Plus de 10.000 personnes, en majorité des Egyptiens, ont fui samedi 26 février 2011 la Libye vers la Tunisie par le principal point de passage frontalier de Ras Jedir, a indiqué le Croissant-Rouge local qui parle d’une «crise humanitaire» et appelle à l’aide. «Plus de 10.000 personnes sont passées hier par Ras Jedir», a déclaré dimanche Mongi Slim le président du comité régional du Croissant-Rouge de Ben Guerdane à l’AFP.
Au total, plus de 40.000 personnes ont franchi ce poste-frontière en une semaine, dont plus de 15.000 Egyptiens. Le flux se poursuivait dimanche.
«C’est la crise humanitaire, les capacités d’accueil sont dépassées, les gens dorment dehors, je lance un appel pressant pour que tout le monde aide à résoudre ce problème. Le monde entier doit se mobiliser pour aider l’Egypte à rapatrier ses ressortissants», a ajouté M. Slim.
Ce chiffre est confirmé par la Protection civile qui annonce plus de 38.000 personnes, essentiellement des Tunisiens et des Egyptiens. Ainsi, le colonel Malek Mihoub de la protection civile tunisienne à Ras Jedir a indiqué, à cette même source, que depuis le début «18.000 Tunisiens, 15.000 Egyptiens, 2.500 Libyens, 2.500 Chinois, les autres étant d’autres nationalités» ont franchi la frontière.
Avec cet afflux important de réfugiés, on doit noter l’existence de plusieurs problèmes de logistique, malgré les efforts des différents intervenants.
En effet, selon la TAP, un camp de réfugiés relevant de l’armée nationale a été installé à sept kilomètres de la zone frontalière de Ras Jédir, en direction de la ville de Ben Guerdane et qui accueille tous les arrivants, réfugiés et se charge de contacter leurs ambassades en Tunisie pour organiser leur retour aux pays d’origine. Ainsi, des tentes d’une capacité d’accueil de 10 à 20 personnes chacune abritent les réfugiés qui reçoivent de la nourriture et de l’eau. D’autres tentes sont réservées aux familles.
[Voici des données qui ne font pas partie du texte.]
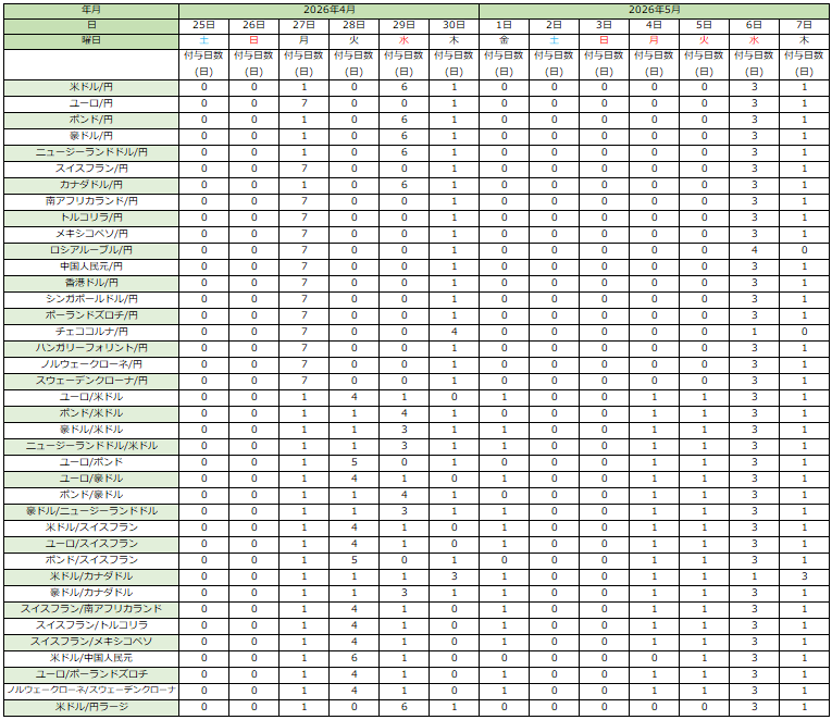 ゴールデンウィーク期間中、日本国の祝日が重なる影響から、スワップポイントの発生は変則的になりますので、ご注意くださいますようお願い申上げます。付与日数は以下の通りです。ゴールデンウィーク期間中のスワップ金額はスワップカレンダーをご確認ください。(FX口座)

Cependant, la capacité d’accueil du camp n’est que de 800 personnes.
Il est à noter que les différentes composantes de la société civile s’emploient, pour leur part, à aménager des lieux d’hébergement.
En outre, des prestations de soins sont fournies aux réfugiés dans l’hôpital militaire installé sur place et dans les tentes médicales où des médecins effectuent les consultations et les secours nécessaires. L’équipe médicale a effectué, vendredi 25 février, 150 interventions (cas d’hypoglycémie, de surmenage et de contusions) ainsi que deux actes chirurgicaux pour des cas d’infection cutanée.
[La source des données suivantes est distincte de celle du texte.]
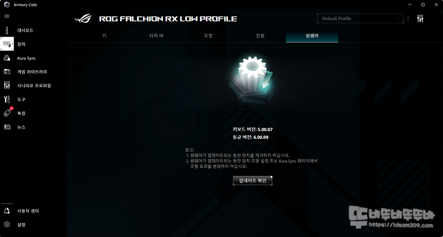 마지막 펌웨어 메뉴는 현재 버전 표시와 최신 펌웨어 버전을 Armoury Crate의 업데이트 메뉴를 통해 확인할 수 있는데요.

Le camp a enregistré, depuis son installation, l’arrivée de 10.350 personnes dont la plupart sont des Egyptiens. Parmi les réfugiés figurent, aussi, des Indiens, des Maliens et des Chinois.
Notons que ce camp accueille un grand nombre de volontaires parmi les citoyens et les composantes de la société civile, venus soutenir les efforts déployés et faire don de médicaments et autres produits d’hygiène pour nourrissons.